El escorpión lo miró sorprendido y le tendió una cajita pequeña, de color esmeralda y un lazo dorado muy elaborado. El de ojos esmeraldas se lo rechazó.
— Mi único regalo es el que me vas a dar en este momento, en tu templo, insecto del mal.
Saga lo tomó de la mano y lo haló escaleras arriba. Mientras subían tomados de las manos, y en silencio, Milo miró al cielo, la luna estaba inmensa y una estrella fugaz había aparecido de la nada. Su deseo había sido concedido.

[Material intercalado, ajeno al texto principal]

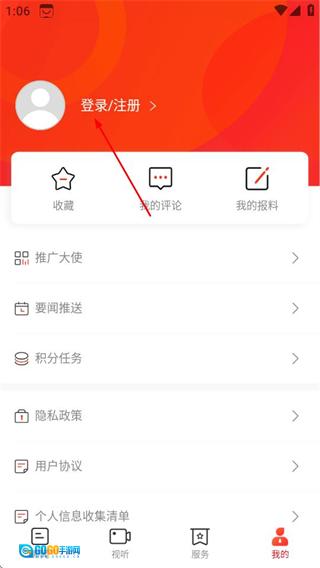 2、在个人页面,点击登录注册区域,进入登录界面。
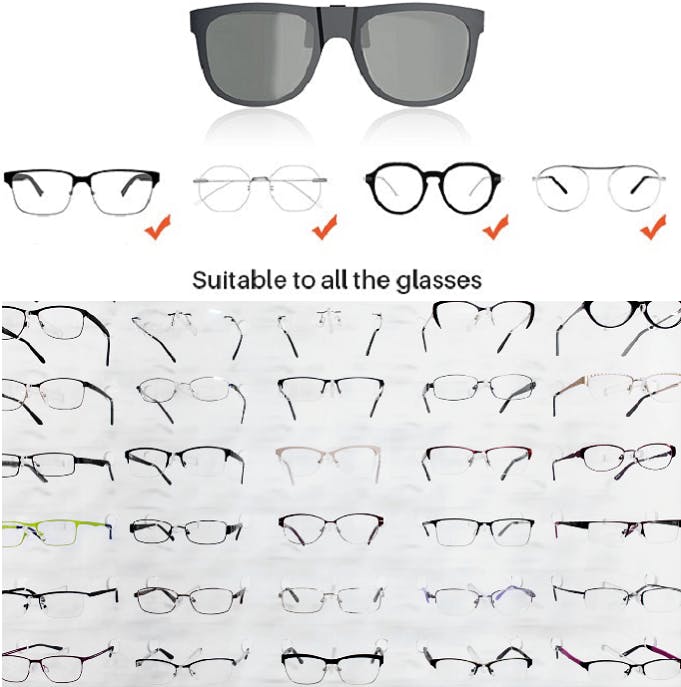 普段使用している眼鏡にクリップを挟み込むだけで装着完了です。
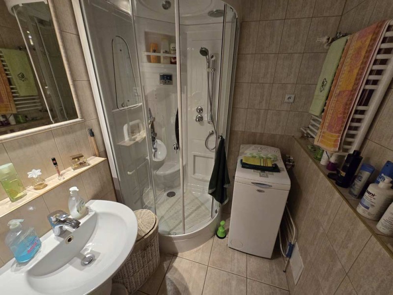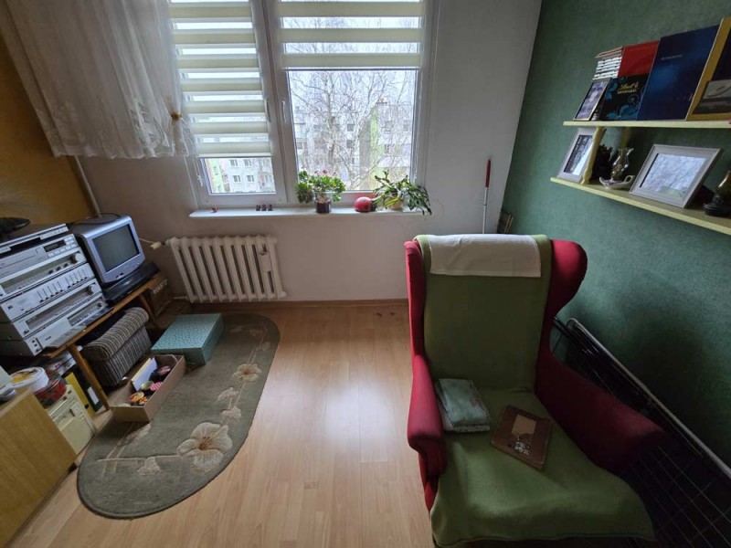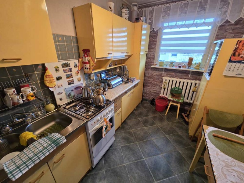 Zamontowane są okna z profili PCV 3 szybowe z roletkami wewnętrznymi a podłogi wyłożone zostały panelami i kaflami ceramicznymi. Wymienione zostały drzwi wejściowe do mieszkania. Duży pokój jest klimatyzowany. Widna kuchnia jest umeblowana, posiada kuchenkę gazową z piekarnikiem elektrycznym. Ściany i podłoga łazienki są wykończone w płytkach ceramicznych, zamontowano w niej kabinę prysznicową. Toaleta jest osobna, wyposażono ją w geberit i umywalkę. Cena obejmuje meble kuchenne, pojemną szafę na wymiar znajdującą się w korytarzu a pozostałe umeblowanie jest w opcji.
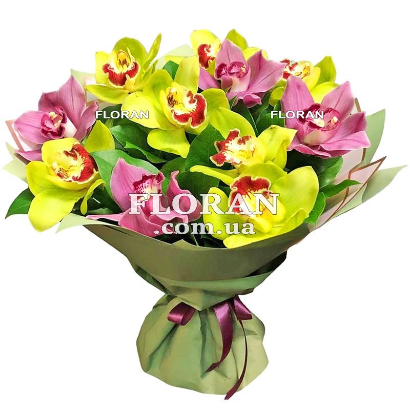 11 різнокольорових орхідей, зелень, упаковка
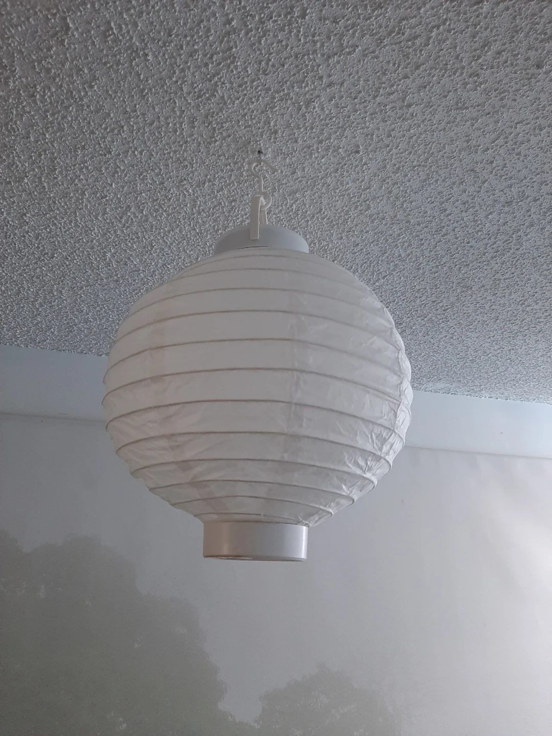 It's a white paper lantern decoration for the ceiling. Made of paper and plastic components.
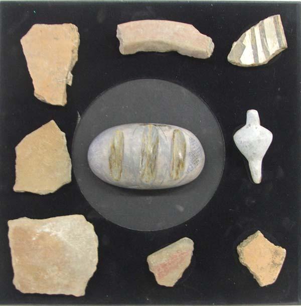 Framed Box Of Artifact Reproductions. Largest piece measures approx. 3 1/2''L x 2''W. Box measures approx. 12'' x 12'' x 2''. Buyers Pay Actual Shipping and Handling Charges(see terms and conditions for more information).
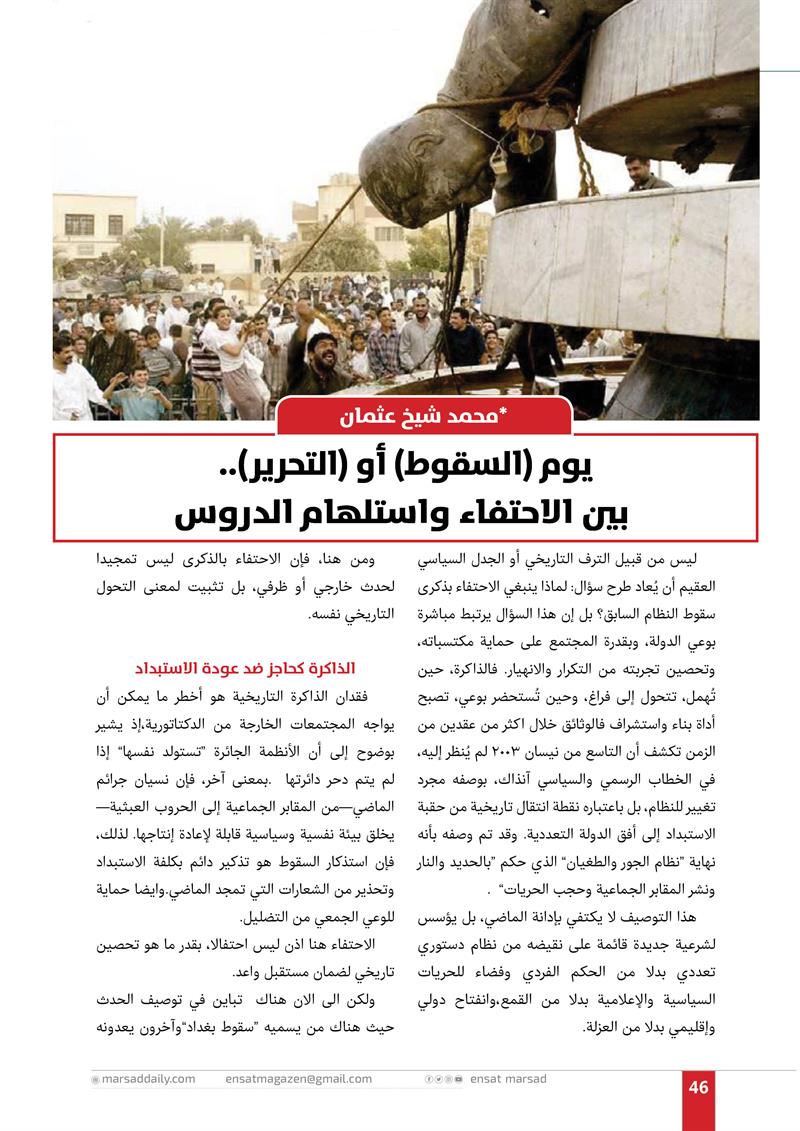 محمد شيخ عثمان : يوم (السقوط) أو (التحرير).. بين الاحتفاء واستلهام الدروس
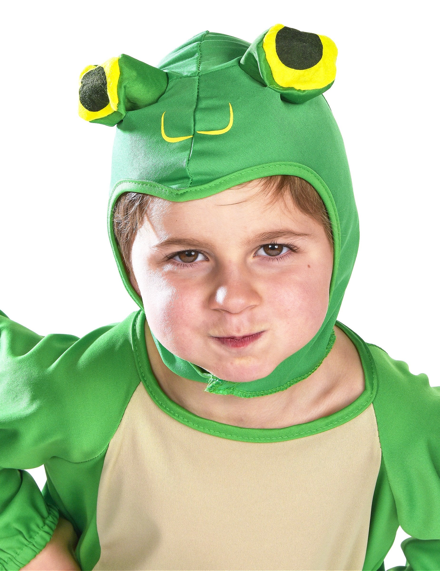 Ovaj kostim za žabu sastoji se od kombinacije i kapice. Kombinacija je zelena s bež trbuhom. Zelene noge su također predstavljene i djelovat će kao prekomjerno. Na taj će način stopala biti dijelom skrivena. Kombinacija se lako stavlja pomoću ogrebotine na vrhu leđa. Oglas za glavu predstavlja glavu žabe. Zelene boje, ima velike žute globularne oči. Pričvršćen je ogrebotinama ispod brade. Ovaj će kostim biti savršen za promjenu u maloj žabi za karneval ili povodom emisije.
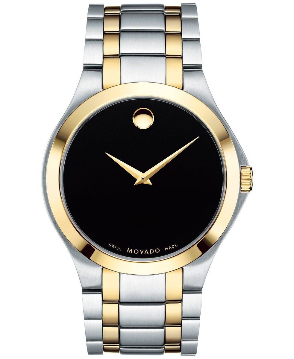 Movado Collection 40 mm two-tone stainless steel watch with black Museum dial, Swiss quartz, sapphire or K1 crystal, and 30 m water resistance.

Sonrió y habló finalmente.
— Feliz Navidad a ti también, Saga.
FIN
Y después de tantos años... 7 y medios, para ser exactos, finalicé este fanfic. Tenía 17 o 18 años cuando lo escribí, fue el tercero que escribí. Estoy muy contenta de publicarlo y finalmente, terminarlo.
Gracias a los que lo han seguido todo este tiempo, a los que lo leyeron completo, a todos, gracias!
A parte de todo, ya esta noche estaremos dándole la bienvenida al 2013! OMG el mundo sigue girando!
Es una pequeña casi-costumbre mía publicar mis propósitos de año nuevo al pie de mis fics.
Primero: Divertirme con frecuencia y sanamente
Segundo: Estresarme menos
Tercero: Organizar mi tiempo productiva y efectivamente
Cuarto: Mudarme a un lugar cómodo y estable.
Quinto: Reingresar en la UDO (T_T tanto que luché por entrar y dejé la carrera a medias)
Sexto: Cumplir mis rutinas de ejercicio
Séptimo: Hacer al menos 3 cosplays más
Octavo: Viajar por placer al menos una vez
Noveno: terminar y subir mis fanfics pendientes
Décimo: cambiar de ramo
Décimoprimero: ir más a la playa, vivo en una isla, por dios!
Décimosegundo: Leer más libros
Décimotercero: Darle mucho más amor y cariño a mi pareja.
Y ustedes, ¿qué propósitos de año nuevo tienen?
Recuerden, no se deshagan ni acallen a su niño interior, porque es el que les recuerda que somos humanos y que no todo son responsabilidades, estrés y problemas.
¡Les deseo a todos un próspero y feliz año 2013!